■ Data for review:
--- --- ---
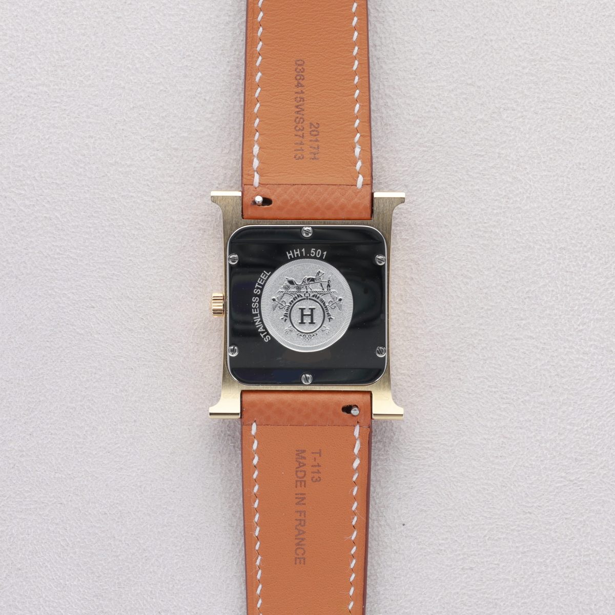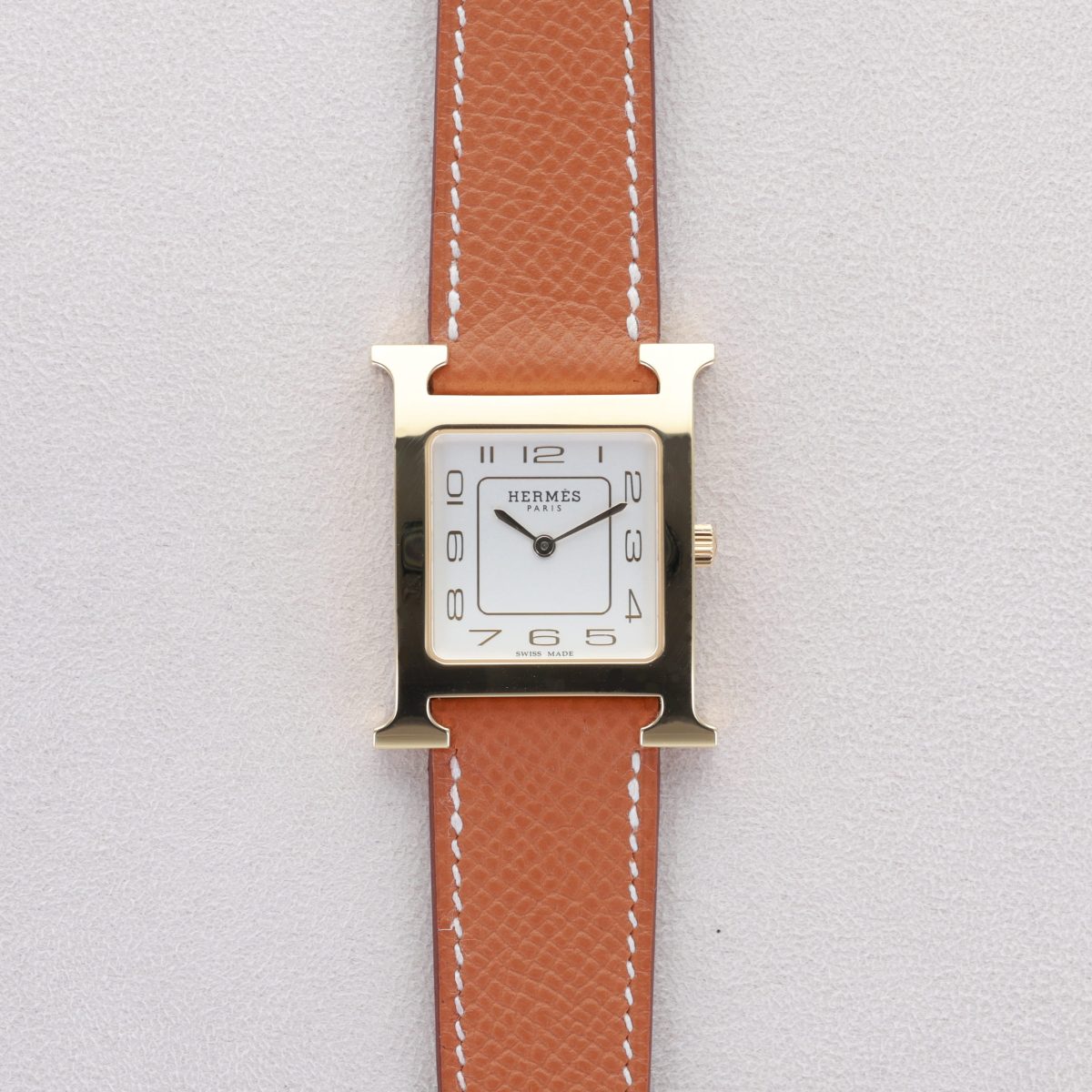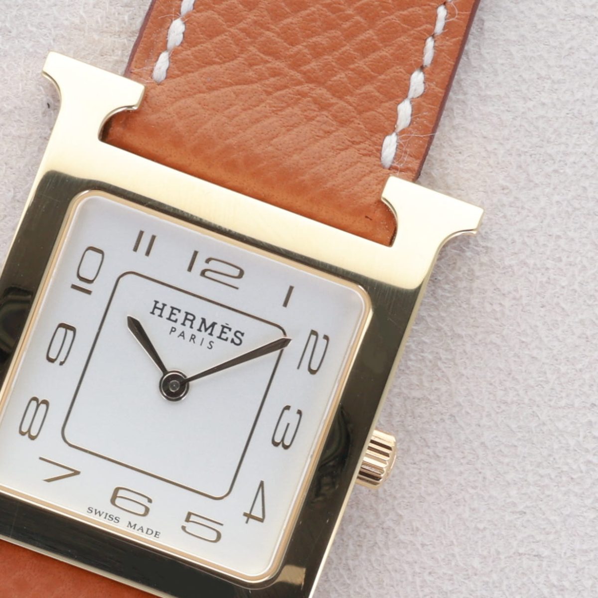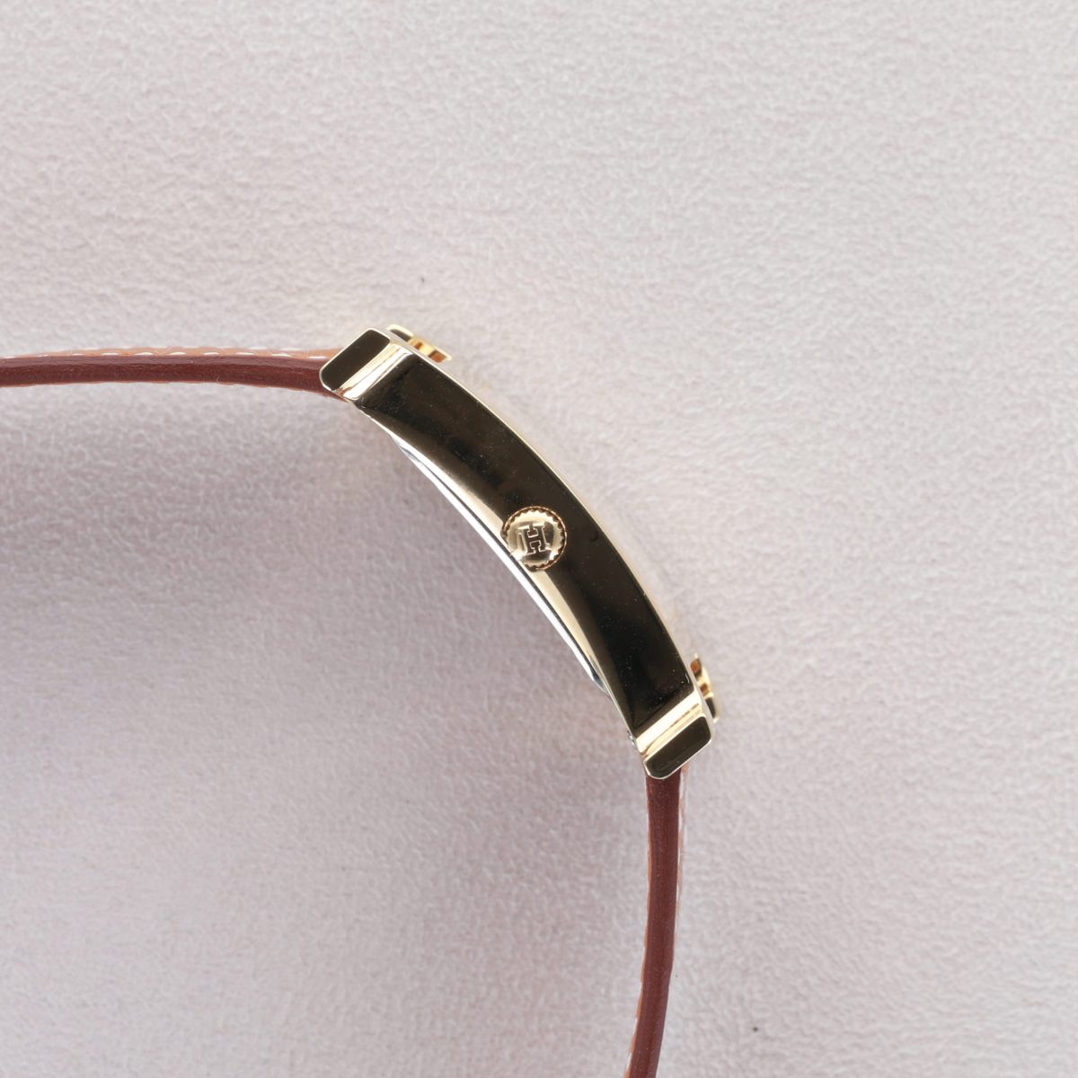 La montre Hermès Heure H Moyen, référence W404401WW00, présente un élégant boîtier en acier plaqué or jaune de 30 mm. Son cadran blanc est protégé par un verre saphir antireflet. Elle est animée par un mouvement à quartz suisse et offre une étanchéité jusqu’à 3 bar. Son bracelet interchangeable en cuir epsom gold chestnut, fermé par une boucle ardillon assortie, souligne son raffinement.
--- --- ---
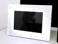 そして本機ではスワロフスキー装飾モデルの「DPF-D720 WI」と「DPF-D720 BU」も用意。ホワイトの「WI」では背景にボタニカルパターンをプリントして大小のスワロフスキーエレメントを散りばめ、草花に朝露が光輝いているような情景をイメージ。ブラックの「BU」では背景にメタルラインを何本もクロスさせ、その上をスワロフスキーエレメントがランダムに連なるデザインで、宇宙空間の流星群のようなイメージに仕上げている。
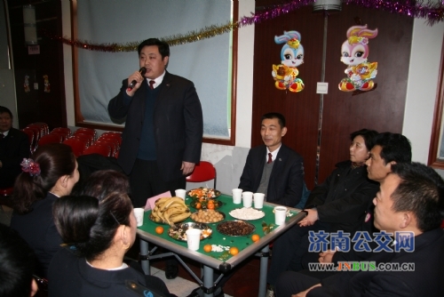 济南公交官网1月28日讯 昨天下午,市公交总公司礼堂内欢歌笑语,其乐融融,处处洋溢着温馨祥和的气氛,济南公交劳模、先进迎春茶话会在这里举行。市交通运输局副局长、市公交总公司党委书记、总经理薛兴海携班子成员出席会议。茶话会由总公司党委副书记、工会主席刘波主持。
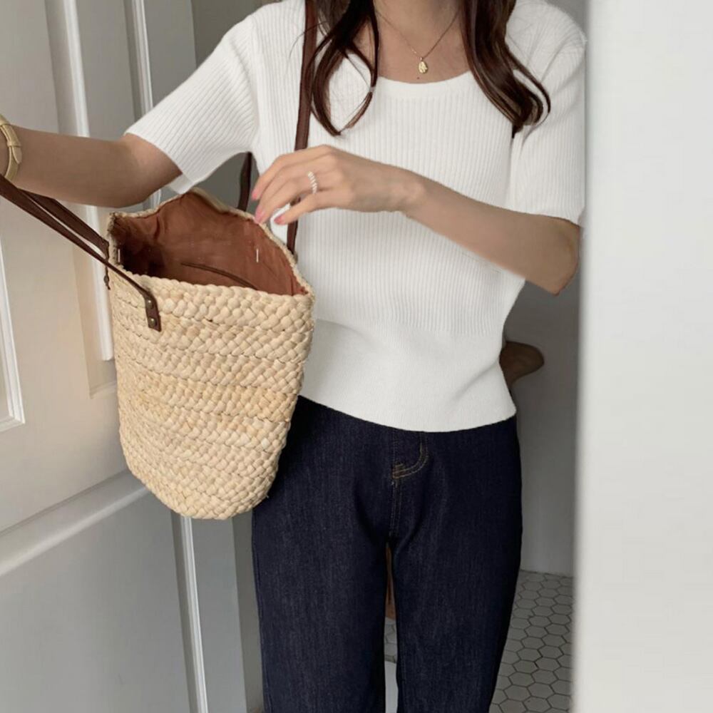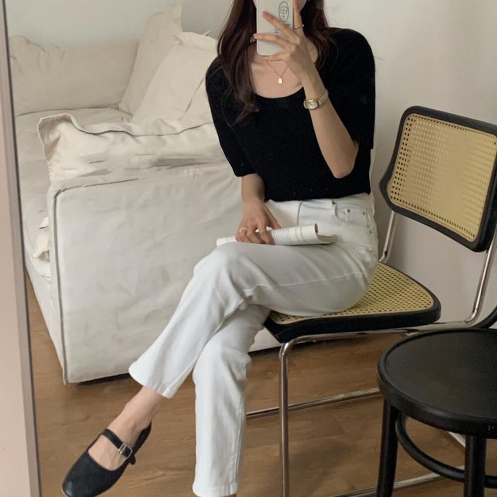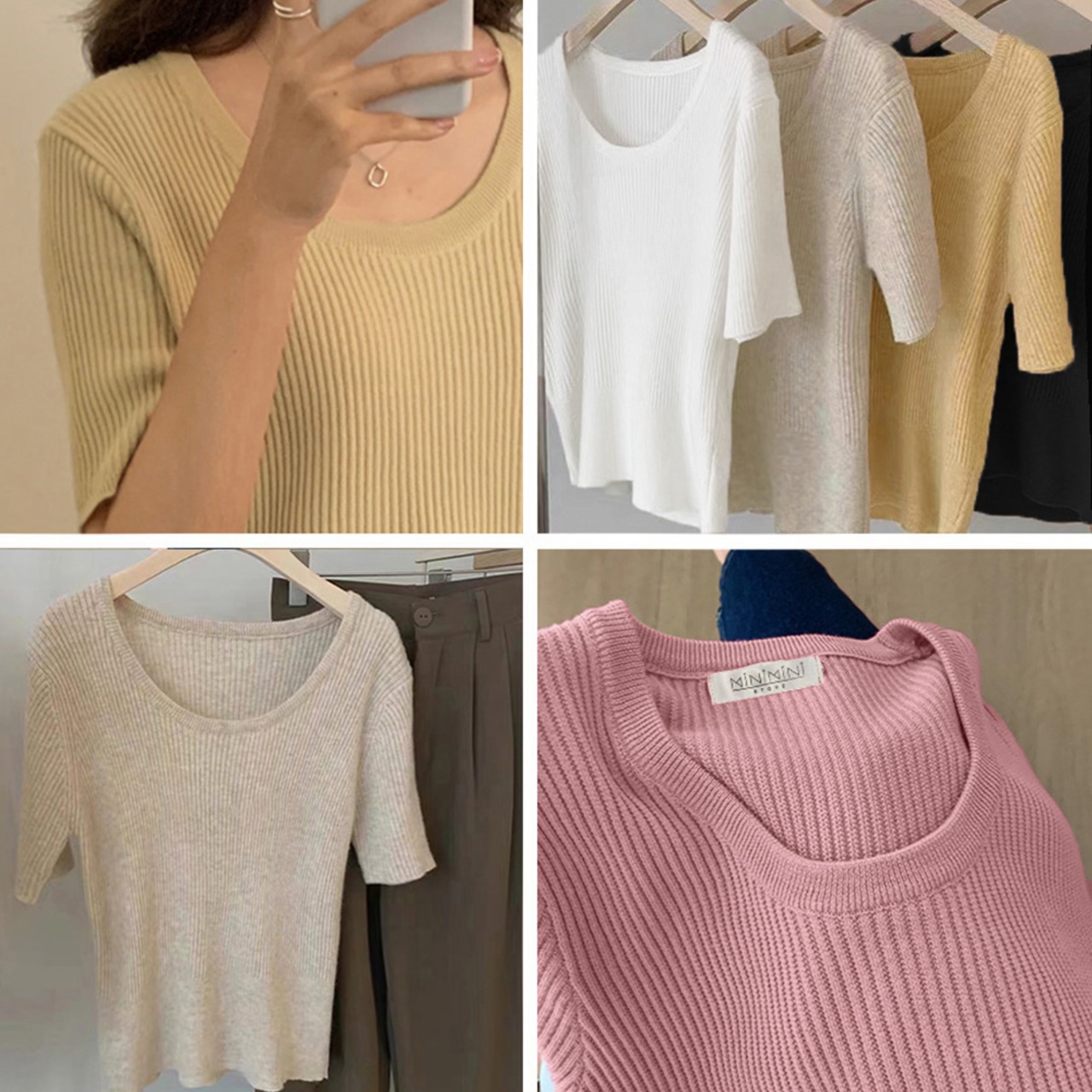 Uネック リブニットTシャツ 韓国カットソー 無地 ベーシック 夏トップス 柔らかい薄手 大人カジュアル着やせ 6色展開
--- --- ---
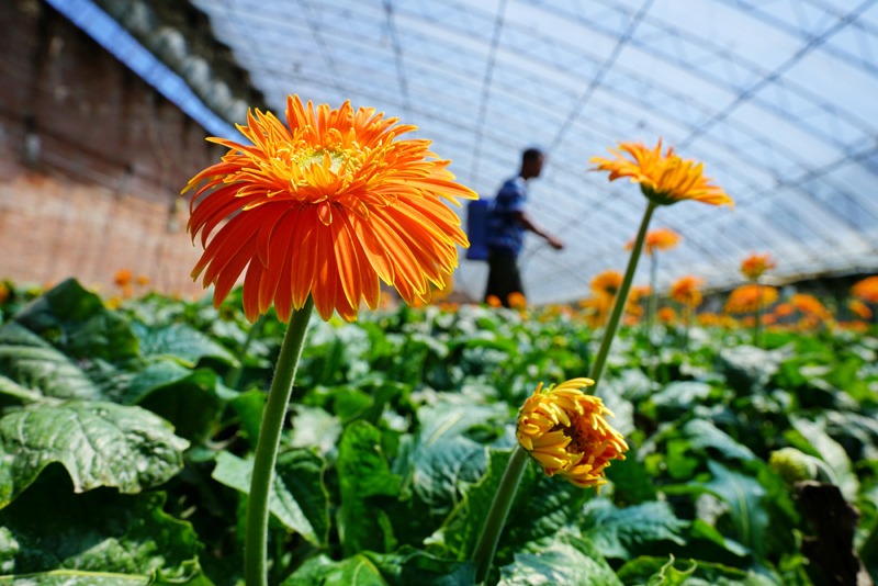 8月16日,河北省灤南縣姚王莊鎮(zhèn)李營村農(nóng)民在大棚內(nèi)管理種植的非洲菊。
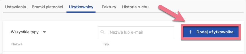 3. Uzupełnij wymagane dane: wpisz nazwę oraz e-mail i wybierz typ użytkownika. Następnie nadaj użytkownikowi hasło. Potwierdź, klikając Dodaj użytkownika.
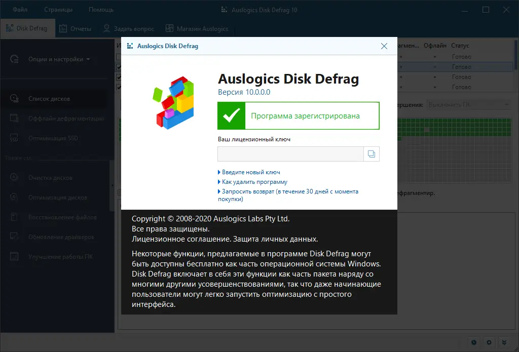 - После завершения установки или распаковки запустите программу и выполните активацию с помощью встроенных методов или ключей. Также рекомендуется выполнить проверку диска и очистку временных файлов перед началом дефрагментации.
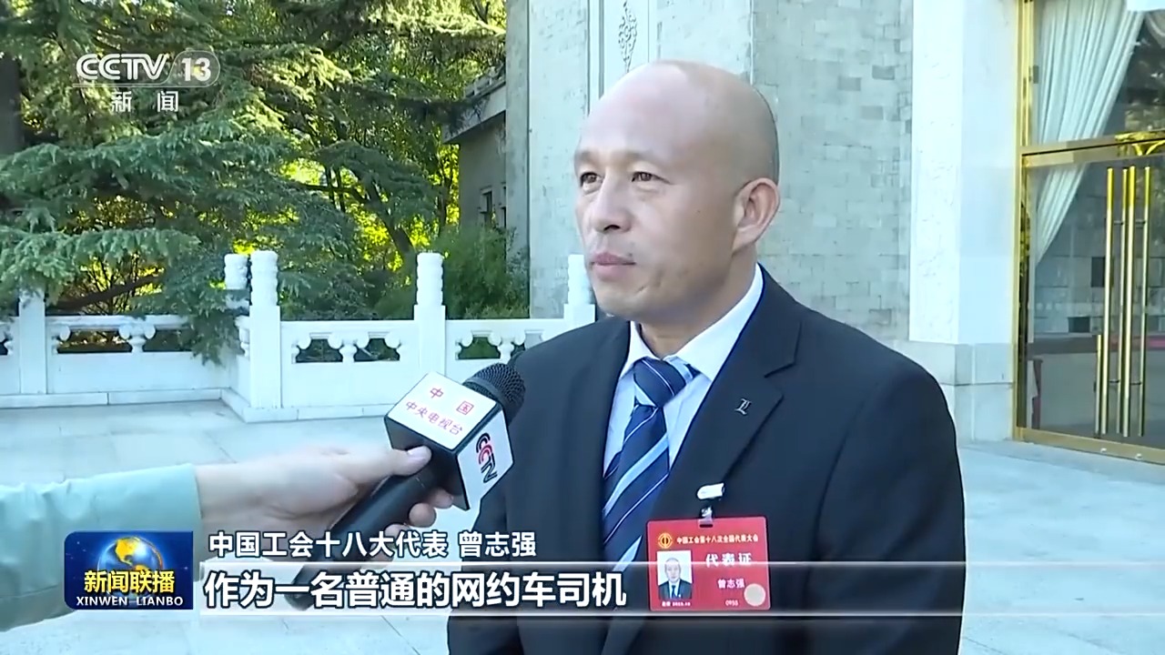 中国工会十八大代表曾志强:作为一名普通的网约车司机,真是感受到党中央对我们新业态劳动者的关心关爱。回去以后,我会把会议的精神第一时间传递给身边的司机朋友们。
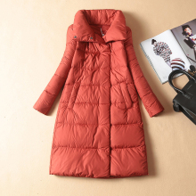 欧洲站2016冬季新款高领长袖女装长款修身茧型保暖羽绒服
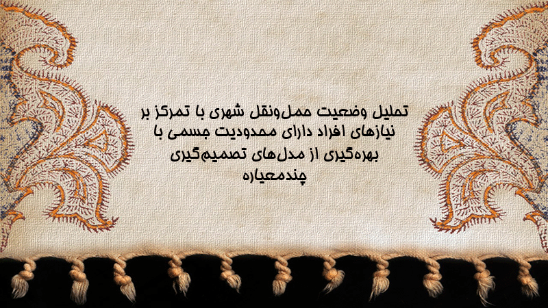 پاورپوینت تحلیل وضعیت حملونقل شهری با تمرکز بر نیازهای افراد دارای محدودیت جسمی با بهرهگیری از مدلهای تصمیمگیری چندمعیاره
--- --- ---
■ Problem details:
Keep to the lines above from the line with "济南公交官网1月28日讯 昨" to the line with "Uネック リブニットTシャツ 韓国カットソー", and set down exactly those, inclusive, with nothing else and every picture left out.

■ Task result:
 济南公交官网1月28日讯 昨天下午,市公交总公司礼堂内欢歌笑语,其乐融融,处处洋溢着温馨祥和的气氛,济南公交劳模、先进迎春茶话会在这里举行。市交通运输局副局长、市公交总公司党委书记、总经理薛兴海携班子成员出席会议。茶话会由总公司党委副书记、工会主席刘波主持。
 Uネック リブニットTシャツ 韓国カットソー 無地 ベーシック 夏トップス 柔らかい薄手 大人カジュアル着やせ 6色展開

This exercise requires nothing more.